In the realm of Machine Learning (ML) projects, code versioning has become an indispensable best practice. However, the practice of data versioning has not seen the same widespread adoption, often leading to the frustration of not being able to retrieve a specific dataset or replicate the success of a high-performing model. To bridge this gap, the Data Version Control (DVC) tool was introduced. Launched in 2017 by Iterative, DVC is an open-source Python library designed to prevent such setbacks.
DVC stands out by allowing for the versioning of data files in conjunction with Git, a popular version control system. It achieves this by storing the actual data in a chosen remote storage solution, like Google Cloud Storage or Amazon S3, while the metadata is versioned through Git. This approach ensures that large data files are handled efficiently without clogging the Git repository.
Furthermore, DVC facilitates the creation, execution, and versioning of data pipelines. This feature is crucial for tracking the progression of datasets and models, offering clarity on the steps taken to produce each outcome and the ability to replicate them.

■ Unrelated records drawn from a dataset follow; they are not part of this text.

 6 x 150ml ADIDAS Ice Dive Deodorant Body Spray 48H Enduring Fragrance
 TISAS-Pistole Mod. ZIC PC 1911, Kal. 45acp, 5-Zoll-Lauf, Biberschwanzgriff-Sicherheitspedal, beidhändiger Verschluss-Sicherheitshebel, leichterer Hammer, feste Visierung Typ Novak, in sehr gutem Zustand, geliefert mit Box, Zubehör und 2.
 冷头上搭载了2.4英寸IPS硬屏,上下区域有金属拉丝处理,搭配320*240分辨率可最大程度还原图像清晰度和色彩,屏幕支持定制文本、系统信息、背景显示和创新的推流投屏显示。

While there are other data versioning and pipeline systems available, such as Pachyderm, DVC distinguishes itself with its ease of setup and user-friendly nature. Additionally, though tools like MLFlow and Weights & Biases exist for ML experiment tracking, DVC integrates more seamlessly into the Git workflow, allowing for a unified tracking of code, data, and experiment iterations. This integration simplifies the exploration of project histories and avoids the need to embed tracking operations directly into the code, a common requirement with other platforms.

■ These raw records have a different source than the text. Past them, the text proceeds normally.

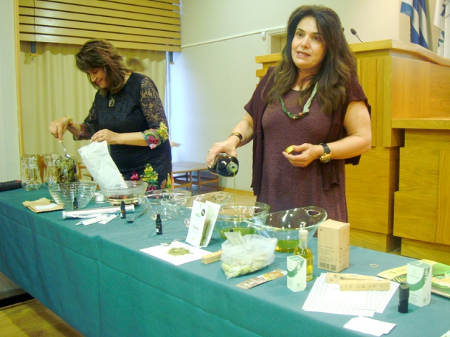 Προς το τέλος της εκπαιδευτικής ημερίδας, οι εισηγήτριες δίνοντας απαντήσεις σε ερωτήματα του ακροατηρίου, ετοίμαζαν ρόφημα με ελληνικά ΑΦΦ και ελαιόλαδο με αιθέρια έλαια ΑΦΦ, τα οποία διέθεσαν στο κοινό προς γευσιγνωσία.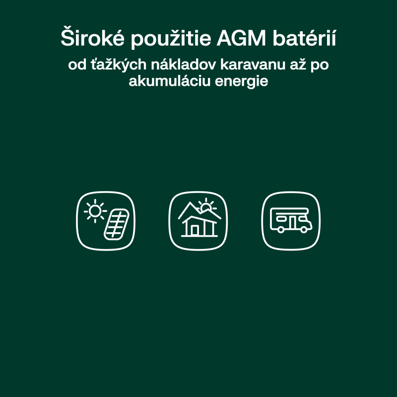 AGM (Absorbent Glass Mat) je technológia, pri ktorej je elektrolyt s vysokou energetickou hustotou integrovaný do sklenených vlákien, čo zabraňuje jeho úniku. Vďaka tomu môže AGM batéria fungovať v akejkoľvek polohe, čím sa stáva vynikajúcou a bezpečnou alternatívou ku klasickým oloveným batériám.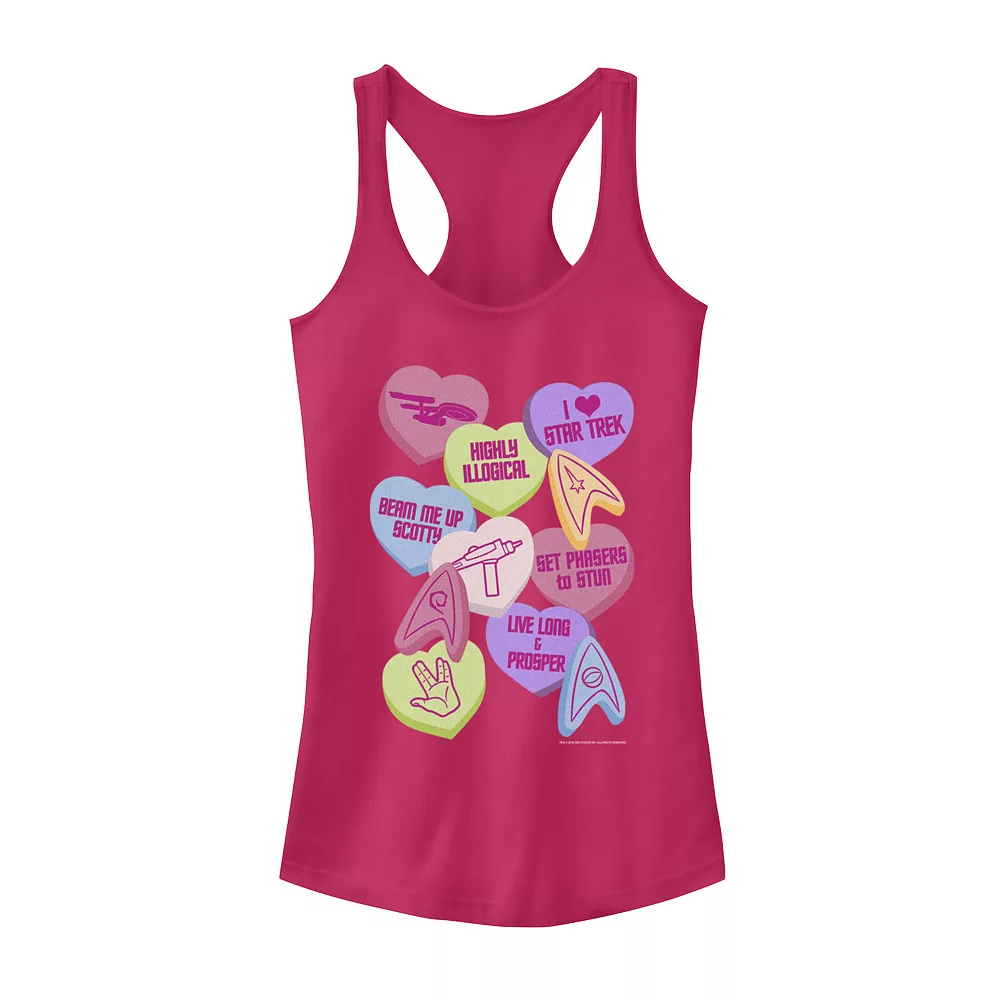 Enjoy this Juniors’ Star Trek Candy Hearts Valentine’s Day Tank Top, either for yourself or as a gift to your loved one on Valentine’s Day!

For those seeking to visually explore their experiments, several options complement DVC:
- Iterative Studio offers a comprehensive web app solution developed by DVC's creators, though it starts at $50 per user per month beyond two users.
- A DVC extension for Visual Studio Code provides a free, albeit less extensive, alternative for collaboration within the VSCode environment.
- A custom dashboard, created by integrating DVC with a visualization tool such as Streamlit, allows for a tailored exploration of project experiments, presenting precise information as needed.
Our Perspective
Adopting DVC can be likened to the transition to using Git: initially daunting, but soon becoming indispensable. At Sicara, we recommend leveraging DVC with Streamlit for a flexible, cost-effective approach to experiment visualization, as demonstrated by our Sicarator tool.
It's important to note, though, that while DVC excels in managing experimentation flows, it's not designed for operational pipelines in production environments. For such cases, a more specialized tool like Airflow is recommended, highlighting DVC's role as a powerful companion for data scientists in the experimentation and development stages.